Work item ::
As the answer, set down the lines below from the one containing "2016年、2017年、20" through the one containing "新能源汽车蓬勃发展带来新机会", exactly and inclusively, and no others.

[Saved data entries]
▼▼▼
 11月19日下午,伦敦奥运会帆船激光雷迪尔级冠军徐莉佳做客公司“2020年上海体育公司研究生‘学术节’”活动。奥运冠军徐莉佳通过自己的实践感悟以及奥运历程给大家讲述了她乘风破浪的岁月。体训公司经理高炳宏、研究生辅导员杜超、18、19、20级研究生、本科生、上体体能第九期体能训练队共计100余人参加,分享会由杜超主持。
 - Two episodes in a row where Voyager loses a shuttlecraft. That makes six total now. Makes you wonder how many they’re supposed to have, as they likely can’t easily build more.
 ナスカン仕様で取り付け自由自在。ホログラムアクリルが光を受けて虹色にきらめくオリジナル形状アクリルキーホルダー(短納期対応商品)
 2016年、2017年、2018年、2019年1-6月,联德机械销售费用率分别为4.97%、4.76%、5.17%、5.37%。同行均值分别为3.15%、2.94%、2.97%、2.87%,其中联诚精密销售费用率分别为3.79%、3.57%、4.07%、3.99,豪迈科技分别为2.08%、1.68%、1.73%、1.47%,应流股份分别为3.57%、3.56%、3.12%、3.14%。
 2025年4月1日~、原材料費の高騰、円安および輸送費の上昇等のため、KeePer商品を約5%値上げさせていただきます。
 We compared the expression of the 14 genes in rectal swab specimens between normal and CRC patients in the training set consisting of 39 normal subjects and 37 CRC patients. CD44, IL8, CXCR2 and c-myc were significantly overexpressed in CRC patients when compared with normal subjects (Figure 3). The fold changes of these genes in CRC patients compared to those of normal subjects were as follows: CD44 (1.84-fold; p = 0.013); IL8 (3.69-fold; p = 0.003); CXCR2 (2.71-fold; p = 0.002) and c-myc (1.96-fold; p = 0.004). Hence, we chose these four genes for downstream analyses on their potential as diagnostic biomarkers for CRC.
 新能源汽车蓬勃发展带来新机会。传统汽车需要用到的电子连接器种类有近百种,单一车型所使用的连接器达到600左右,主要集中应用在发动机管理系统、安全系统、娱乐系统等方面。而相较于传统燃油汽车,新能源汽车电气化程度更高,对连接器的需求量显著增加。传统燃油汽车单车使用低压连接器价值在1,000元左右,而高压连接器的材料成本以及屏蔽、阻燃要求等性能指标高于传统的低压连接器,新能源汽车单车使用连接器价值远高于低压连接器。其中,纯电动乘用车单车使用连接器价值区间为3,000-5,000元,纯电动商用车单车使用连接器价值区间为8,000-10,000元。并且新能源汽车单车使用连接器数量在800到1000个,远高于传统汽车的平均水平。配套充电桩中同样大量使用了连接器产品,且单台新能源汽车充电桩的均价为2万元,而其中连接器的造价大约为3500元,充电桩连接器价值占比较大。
▲▲▲
▼▼▼
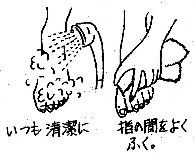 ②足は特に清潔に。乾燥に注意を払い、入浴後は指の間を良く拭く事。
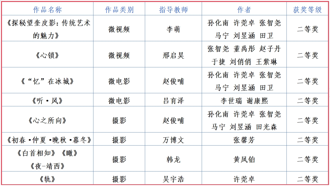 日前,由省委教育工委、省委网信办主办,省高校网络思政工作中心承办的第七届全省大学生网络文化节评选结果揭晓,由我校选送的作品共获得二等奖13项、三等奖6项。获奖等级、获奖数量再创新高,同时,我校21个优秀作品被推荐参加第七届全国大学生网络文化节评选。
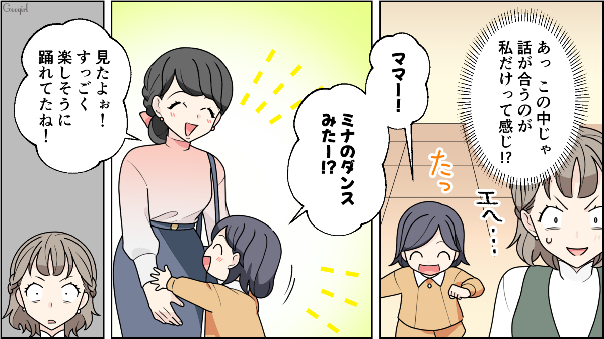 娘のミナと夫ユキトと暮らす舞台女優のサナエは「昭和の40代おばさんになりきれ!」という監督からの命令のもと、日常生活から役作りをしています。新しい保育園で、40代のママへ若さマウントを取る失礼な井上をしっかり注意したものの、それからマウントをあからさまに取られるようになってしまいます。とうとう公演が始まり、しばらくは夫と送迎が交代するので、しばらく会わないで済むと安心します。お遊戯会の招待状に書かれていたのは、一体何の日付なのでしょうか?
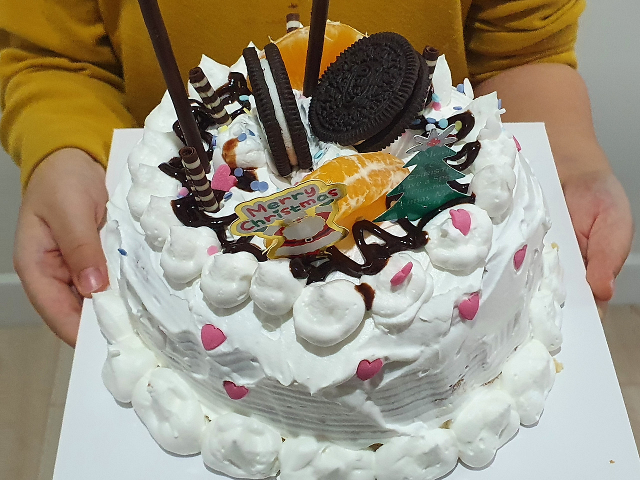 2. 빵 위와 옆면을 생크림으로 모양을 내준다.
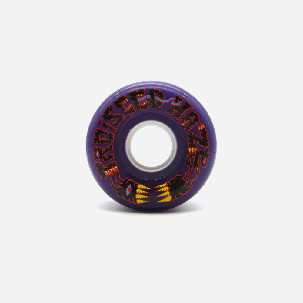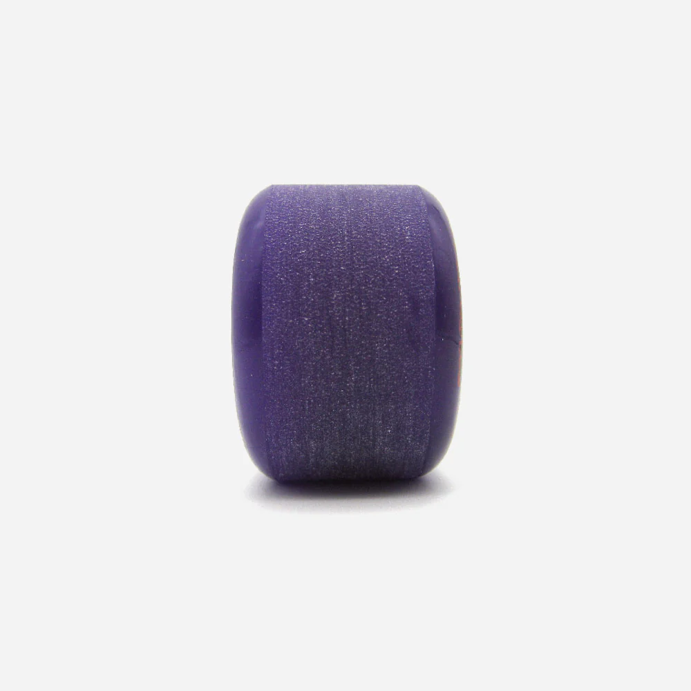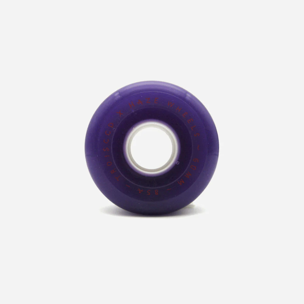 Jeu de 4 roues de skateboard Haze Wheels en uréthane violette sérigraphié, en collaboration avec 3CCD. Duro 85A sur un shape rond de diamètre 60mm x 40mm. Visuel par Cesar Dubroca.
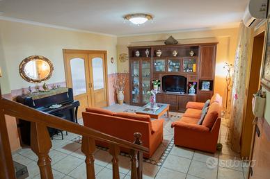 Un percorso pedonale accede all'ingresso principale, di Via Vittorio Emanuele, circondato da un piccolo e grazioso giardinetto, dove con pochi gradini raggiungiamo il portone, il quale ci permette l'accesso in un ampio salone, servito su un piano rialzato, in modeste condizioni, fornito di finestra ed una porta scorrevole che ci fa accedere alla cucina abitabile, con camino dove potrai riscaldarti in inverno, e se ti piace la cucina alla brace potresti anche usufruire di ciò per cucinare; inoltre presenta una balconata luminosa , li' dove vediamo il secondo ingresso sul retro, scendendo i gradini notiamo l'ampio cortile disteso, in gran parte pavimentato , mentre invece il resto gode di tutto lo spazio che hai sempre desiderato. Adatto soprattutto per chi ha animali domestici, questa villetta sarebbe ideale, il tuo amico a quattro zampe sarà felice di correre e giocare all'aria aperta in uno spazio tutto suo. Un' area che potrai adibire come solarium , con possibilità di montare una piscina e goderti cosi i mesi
▲▲▲
Response area ::
 2016年、2017年、2018年、2019年1-6月,联德机械销售费用率分别为4.97%、4.76%、5.17%、5.37%。同行均值分别为3.15%、2.94%、2.97%、2.87%,其中联诚精密销售费用率分别为3.79%、3.57%、4.07%、3.99,豪迈科技分别为2.08%、1.68%、1.73%、1.47%,应流股份分别为3.57%、3.56%、3.12%、3.14%。
 2025年4月1日~、原材料費の高騰、円安および輸送費の上昇等のため、KeePer商品を約5%値上げさせていただきます。
 We compared the expression of the 14 genes in rectal swab specimens between normal and CRC patients in the training set consisting of 39 normal subjects and 37 CRC patients. CD44, IL8, CXCR2 and c-myc were significantly overexpressed in CRC patients when compared with normal subjects (Figure 3). The fold changes of these genes in CRC patients compared to those of normal subjects were as follows: CD44 (1.84-fold; p = 0.013); IL8 (3.69-fold; p = 0.003); CXCR2 (2.71-fold; p = 0.002) and c-myc (1.96-fold; p = 0.004). Hence, we chose these four genes for downstream analyses on their potential as diagnostic biomarkers for CRC.
 新能源汽车蓬勃发展带来新机会。传统汽车需要用到的电子连接器种类有近百种,单一车型所使用的连接器达到600左右,主要集中应用在发动机管理系统、安全系统、娱乐系统等方面。而相较于传统燃油汽车,新能源汽车电气化程度更高,对连接器的需求量显著增加。传统燃油汽车单车使用低压连接器价值在1,000元左右,而高压连接器的材料成本以及屏蔽、阻燃要求等性能指标高于传统的低压连接器,新能源汽车单车使用连接器价值远高于低压连接器。其中,纯电动乘用车单车使用连接器价值区间为3,000-5,000元,纯电动商用车单车使用连接器价值区间为8,000-10,000元。并且新能源汽车单车使用连接器数量在800到1000个,远高于传统汽车的平均水平。配套充电桩中同样大量使用了连接器产品,且单台新能源汽车充电桩的均价为2万元,而其中连接器的造价大约为3500元,充电桩连接器价值占比较大。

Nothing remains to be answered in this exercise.